Alternatively, would it be possible to provide the cm_alloc/cm_free functions only as backing to the dma mapping API and not export them as a generic device driver interface?
- Platform/machine integration
- CMA context must be created on platform or machine initialisation
- and passed to respective subsystem that will be a client for CMA.
- The latter may be done by a global variable or some filed in
- struct device. For the former CMA provides the following functions:
cma_init_migratetype()
cma_reserve()
cma_create()
- The first one initialises a portion of reserved memory so that it
- can be used with CMA. The second first tries to reserve memory
- (using memblock) and then initialise it.
- The cma_reserve() function must be called when memblock is still
- operational and reserving memory with it is still possible. On
- ARM platform the "reserve" machine callback is a perfect place to
- call it.
- The last function creates a CMA context on a range of previously
- initialised memory addresses. Because it uses kmalloc() it needs
- to be called after SLAB is initialised.
- */
This interface looks flawed to me for multiple reasons:
* It requires you to call three distinct functions in order to do one thing, and they all take the same arguments (more or less). Why not have one function call at the latest possible point where you can still change the memory attributes, and have everything else happen automatically?
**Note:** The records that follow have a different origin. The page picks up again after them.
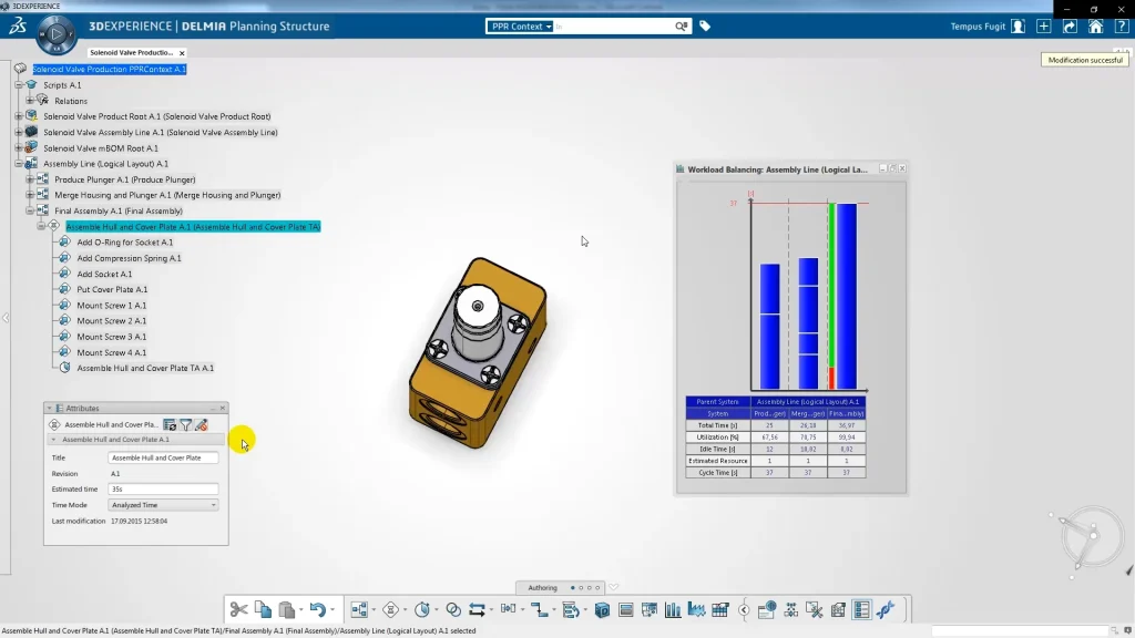 TSX 还提供了工艺计划(工作计划、系统、操作)的创作功能,这些功能与制造项目结构 (MBOM) 和平衡操作相关联。此外,用户可以在工艺计划中查看虚拟构建,以检查分析的持续时间和平衡操作对构建的影响,尤其是在操作顺序发生变化时。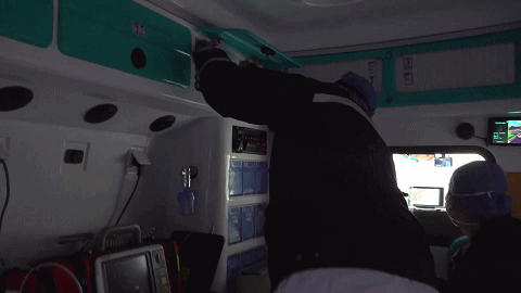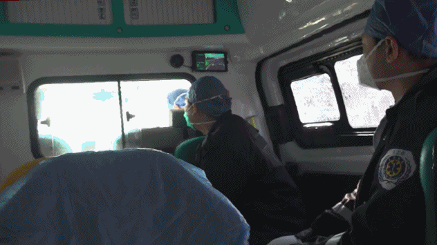 路上,护士张从博告诉记者,医护人员目前每12小时轮一班,一边说着,张从博一边迅速且有条不紊地准备急救用品。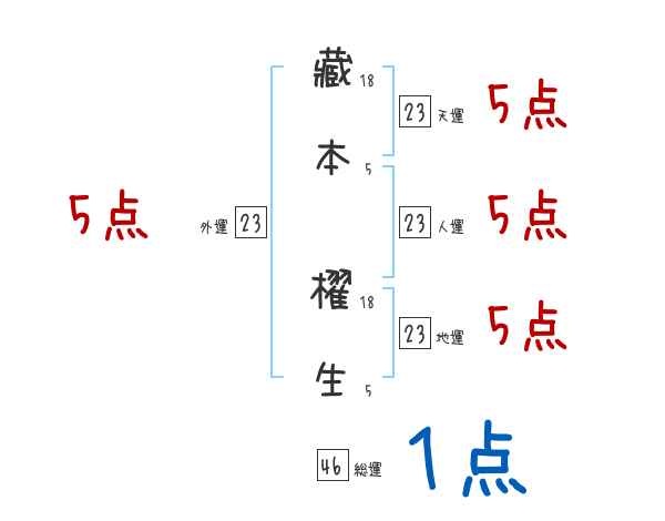 藏本櫂生さんの画数の鑑定結果

* It requires you to pass the exact location of the area. I can see why you want that on certain machines that require DMA areas to be spread across multiple memory buses, but IMHO it's not appropriate for a generic API.
* It requires you to hardcode the size in a machine specific source file. This probably seems to be a natural thing to do when you have worked a lot on the ARM architecture, but it's really not. We really want to get rid of board files and replace them with generic probing based on the device tree, and the size of the area is more policy than a property of the hardware that can be accurately described in the device tree or a board file.
I'm sure that we can find a solution for all of these problems, it just takes a few good ideas. Especially for the last point, I don't have a better suggestion yet, but hopefully someone else can come up with one.